E lei era giunta giusto in tempo per salvare la vita di Rhodry uccidendo un uomo che, così sembrava asserire il dweomer, era invincibile… secondo la profezia infatti, Lord Corbyn non sarebbe mai morto per mano di un uomo. Come tutti gli enigmi posti dal dweomer, però, anche quello aveva avuto due facce affilate, come dimostrava il fatto che il nobile era stato abbattuto dalla mano di una ragazza. Nel ripensarci, Jill ebbe l’impressione che fosse stato tutto troppo perfetto, troppo ingegnoso, quasi gli dèi modellassero il Wyrd delle persone nello stesso modo in cui gli artigiani del Bardek modellavano quelle scatole a incastro con i loro minuscoli e precisi meccanismi privi di un vero significato.

Si ricordò però poi degli elfi, che non erano uomini nel vero senso della parola, e del fatto che Rhodry era per metà un elfo. Si rese allora conto che Rhodry avrebbe potuto lui stesso abbattere il nemico, se soltanto avesse creduto di esserne in grado, e che il suo arrivo, per quanto utile, non era necessariamente stato preordinato dal dweomer più di quanto potesse esserlo una tempesta di neve in pieno inverno.
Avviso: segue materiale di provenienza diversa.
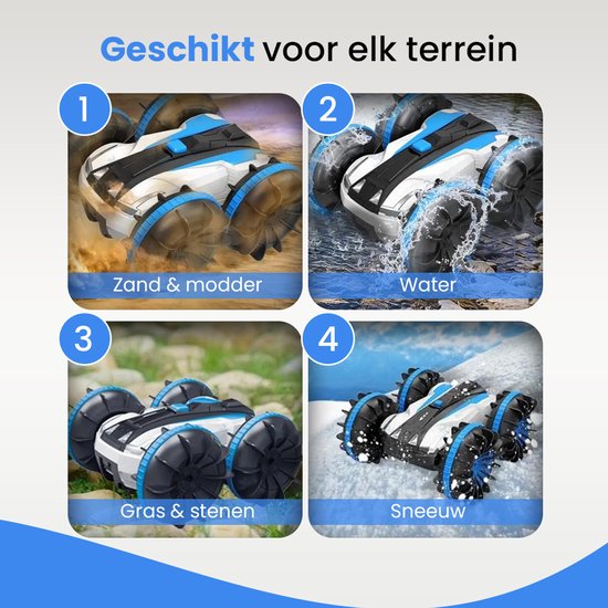 De GT RC bestuurbare auto is een krachtige all-terrain stunt auto die ontworpen is voor maximale actie op elk oppervlak. Deze radiografisch bestuurbare auto combineert de eigenschappen van een RC auto en een bestuurbare boot, waardoor spelen mogelijk is op het land én in het water. Dankzij het amfibische ontwerp rijdt deze RC car moeiteloos door plassen, over gras, zand en zelfs sneeuw.

Tuttavia il dweomer l’aveva portata a lui, di questo era certa, e se non era stato per salvargli la vita, allora ci doveva essere un altro motivo ancora oscuro. Sebbene quel pensiero la facesse rabbrividire, Jill si trovò suo malgrado a chiedersi perché il dweomer dovesse spaventarla tanto, perché fosse tanto certa che seguire la via del dweomer l’avrebbe portata alla morte, e d’un tratto comprese: ciò che temeva era che un suo coinvolgimento con il dweomer potesse portare non soltanto alla sua morte ma anche a quella di Rhodry. Per quanto continuasse a ripetersi che si trattava di un’idea stupida, passò molto tempo prima che riuscisse a liberarsi di quella sensazione irrazionale.